Eleanor Wong (playwright)
Eleanor Wong is a playwright and poet in Singapore. Her plays have been produced in Singapore and regionally. She is best known for Invitation to Treat (2003), her trilogy of plays centred on the experiences of the character Ellen Toh, a lesbian lawyer in Singapore. This comprised the plays Mergers and Accusations, Wills and Secession and Jointly and Severably. Mergers and Accusations won the National Book Development Council of Singapore Award (Drama) in 1996. In 2005, Firstfruits Publications published the trilogy in book form. Wong made her theatrical debut with her first play, Peter's Passionate Pursuit, which clinched a joint first prize at the NUS-Shell Short Play Competition in 1986.[1] Wong is currently one of two writers-in-residence at the Centre for Quantum Technologies (CQT) at NUS.[2]
Eleanor started her career with the Commercial Affairs Department, prosecuting complex commercial and securities frauds. She obtained a masters in corporate law from New York University in 1990 and practiced in the New York office of Coudert Brothers, returning to Singapore in 1992. Wong also provided communications consultancy and held several top management portfolios within the television production arena. She has anchored a television current affairs show After Hours, and used to host a radio programme, Sex, Rights & Videotape. Wong is also a trained lawyer and has worked as a prosecutor and an international finance lawyer. She is currently Director of the Legal Skills Programme at the Law Faculty at the National University of Singapore, and a member of the Remaking Singapore Committee. Wong also serves as a mentor on the playwright development platform Watch This Space, spearheaded by director-playwright Chong Tze Chien, where she first mentored teacher and playwright Lucas Ho.[3]
A graduate of the NUS Faculty of Law as a Public Service Commission Merit scholar, Wong won the Best Oralist (Championship Round) at the prestigious 1985 Philip C. Jessup International Law Moot Court Competition, where she was a member of the victorious NUS moot team.
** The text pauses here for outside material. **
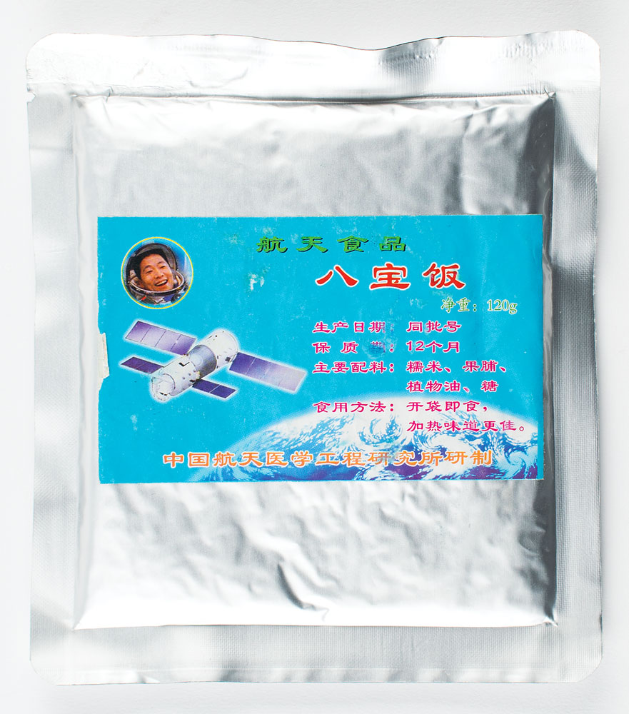 Souvenir package of freeze-dried Chinese space food, 5″ x 5.75″ x .25″, with a colorful label affixed on the front. In fine condition.

Wong has also written poems: she contributed 12 to y grec (2005), a collection co-authored with Madeleine Lee, and recently published Life – Science (2010), 22 poems accompanied by Chinese translations by Enoch Ng and Caleb Kiu. In 2015, Wills & Secession was selected by The Business Times as one of the "finest plays in 50 years" alongside productions by Goh Poh Seng, Michael Chiang and Alfian Sa'at and others.[4]
Plays
- Two’s Company or Peter's Passionate Pursuit (1986)
- To Touch the Soul of a God (1988)
- Jackson on a Jaunt, or, Mistaken Identities (1989)
- Exit (1990)
- The Joust (1991)
- Mergers and Accusations (1993)
- Block Sale (1996)
- Wills and Secession (1995)
- Jointly and Severably (2003)
- The Campaign to Confer the Public Star on JBJ (2006, revised 2007)
References & notes
- ↑ "Winning play from DPP". Singapore Press Holdings. The Straits Times. 16 August 1986. Retrieved 30 September 2014.
- ↑ "Centre for Quantum Technologies". NUS. Retrieved 5 March 2015.
- ↑ Tan, Corrie (6 February 2014). "Mentorships help give emerging practitioners a leg up in the art industry". Singapore Press Holdings. The Straits Times. Retrieved 15 September 2014.
- ↑ Yusof, Helmi. "The finest plays in 50 years". The Business Times. Singapore Press Holdings. Retrieved 5 January 2015.